Пафнутий уже не летел, он барахтался в небе, как утопающий. Он еще чувствовал, где верх, где низ, а вот куда лететь – этого он не знал. И он закричал, закричал, как недавно кричала Принципия, зовя его на помощь. Теперь помощь нужна была ему.

***

Когда то, что прилетело, то, что стояло на поляне, то, что принесло с собой тех, кто охотился за ней – когда оно, наконец, поднялось вверх, Принципия подбежала к дому. Первым делом она проверила, на месте ли ее Геркуланий. Слава Единому, с ним все было в порядке. Пришельцы его не тронули. И она выскочила, прижав сына к себе, на улицу.

Сооружение пришельцев было уже далеко. Пафнутий был еще дальше. Они гнались за ним. Принципия смотрела им вслед. Она смотрела, и она видела, как вспыхнул клубок огня, уже далеко от нее.

А потом в мозгу взорвалось:

– Принципия! Принципия, помоги!..

Этот крик чуть не оглушил ее. Она и не думала, что это может быть так громко. А что же было, когда кричала она? Она же просто вопила. Бедный Пафнутий, он, наверное, тогда просто оглох. Однако… что с ним?

Она видела Пафнутия. Он был далеко, но она видела, что он там, в небе, значит, все в порядке. Или – что?..

– Пафнутий, что с тобой?

– Я ослеп, – услышала она. Это был уже не крик, напротив, это был почти шепот.

– Как?!.

– Огнем… глаза ничего не видят. Подскажи мне, куда лететь. Ты же меня видишь?

– Вижу. Только как я тебе подскажу? А!.. – Догадалась она. – Ты лети, лети куда-нибудь, а я буду говорить, куда тебе повернуть. Давай!

И она увидела, как Пафнутий стал удаляться.

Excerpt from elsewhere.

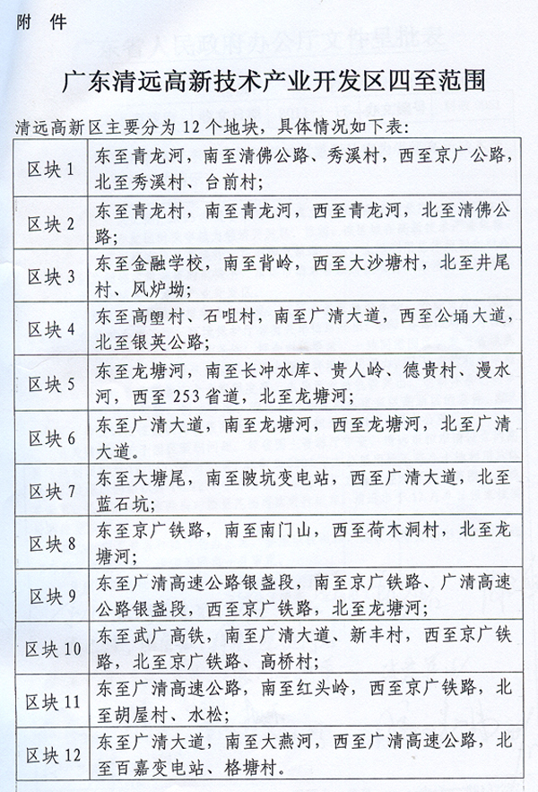 清遠(yuǎn)市人民政府: 清府〔2011〕6號(hào)文收悉。經(jīng)省人民政府同意,現(xiàn)函復(fù)如下: 一、省人民政府同意認(rèn)定廣東清遠(yuǎn)經(jīng)濟(jì)技術(shù)開發(fā)區(qū)為省級(jí)高新技術(shù)產(chǎn)業(yè)開發(fā)區(qū),定名為廣東清遠(yuǎn)高新技術(shù)產(chǎn)業(yè)開發(fā)區(qū),實(shí)行現(xiàn)行省級(jí)高新技術(shù)產(chǎn)業(yè)開發(fā)區(qū)政策。 二、廣東清遠(yuǎn)高新技術(shù)產(chǎn)業(yè)開發(fā)區(qū)不增加規(guī)劃面積,仍為19.1274平方公里,區(qū)域范圍為國(guó)家有關(guān)部門公布的開發(fā)區(qū)審核公告確定的清遠(yuǎn)經(jīng)濟(jì)技術(shù)開發(fā)區(qū)四至范圍內(nèi)(具體四至范圍見附件)。 三、廣東清遠(yuǎn)高新技術(shù)產(chǎn)業(yè)開發(fā)區(qū)必須嚴(yán)格實(shí)施土地利用總體規(guī)劃和城市總體規(guī)劃,按規(guī)定履行具體土地報(bào)批手續(xù),依法供地,切實(shí)做到合理、集約、高效利用土地資源。 四、廣東清遠(yuǎn)高新技術(shù)產(chǎn)業(yè)開發(fā)區(qū)要以科學(xué)發(fā)展觀為指導(dǎo),努力集聚自主創(chuàng)新資源,提升產(chǎn)業(yè)競(jìng)爭(zhēng)力和自主創(chuàng)新能力,發(fā)展高新技術(shù)產(chǎn)業(yè)和高附加值服務(wù),充分發(fā)揮輻射和示范帶動(dòng)作用。 五、你市要加強(qiáng)指導(dǎo)和服務(wù),促進(jìn)廣東清遠(yuǎn)高新技術(shù)產(chǎn)業(yè)開發(fā)區(qū)健康發(fā)展。 ? 附件:廣東清遠(yuǎn)高新技術(shù)產(chǎn)業(yè)開發(fā)區(qū)四至范圍 ? 廣東省人民政府辦公廳 二○一一年十二月三十一日

– Развернись! – Закричала она.

***

Глаза были целы. Принципия боялась увидеть на их месте кровоточащие провалы, но глаза были целы. Огонь выжег их внутри. Дает ли это какую-нибудь надежду ни Принципия, ни Пафнутий не знали. Оставалось ждать. Ждать и надеяться на то, что зрение восстановится. А пока как-то жить. Как? Принципия прикинула, того, что у нее оставалось, если очень экономить, хватит на три дня. А вот Пафнутию есть было нечего уже сейчас. И ни ему, ни себе Принципия помочь не могла. Все, что она могла – это принести дракону воды попить. Она и принесла, а потом ушла в дом, что толку сидеть на холоде? Если что – Пафнутий позовет. Она услышит. А пока – пусть лежит спокойно.

***

Последний участок пути был самым трудным. Точка 15-К, будь она проклята! – находилась в глуши. На сто верст вокруг не было никого, никаких сел. И дорог туда, соответственно, тоже не было. А прийти-то надо было не пустыми. Что толку, если они припрутся туда сами? Нужно было доставить продовольствие. Иначе – все зря!

Последнее село, бывшее у них на пути, перед тем, как свернуть на бездорожье, ограбили просто, нагло, без всяких ухищрений. Окружили, и шли по избам, выгоняя всех, убивая проявлявших строптивость, и сгоняя тех, кто шел, в большой общественный амбар. Потом, взяв старосту, чья семья тоже была заперта вместе с остальными, пошли по подворьям. Старосте сказали, что, если он окажется не сговорчив, амбар подожгут. Староста все понял правильно. Скоро обоз из десяти груженых телег выехал за околицу.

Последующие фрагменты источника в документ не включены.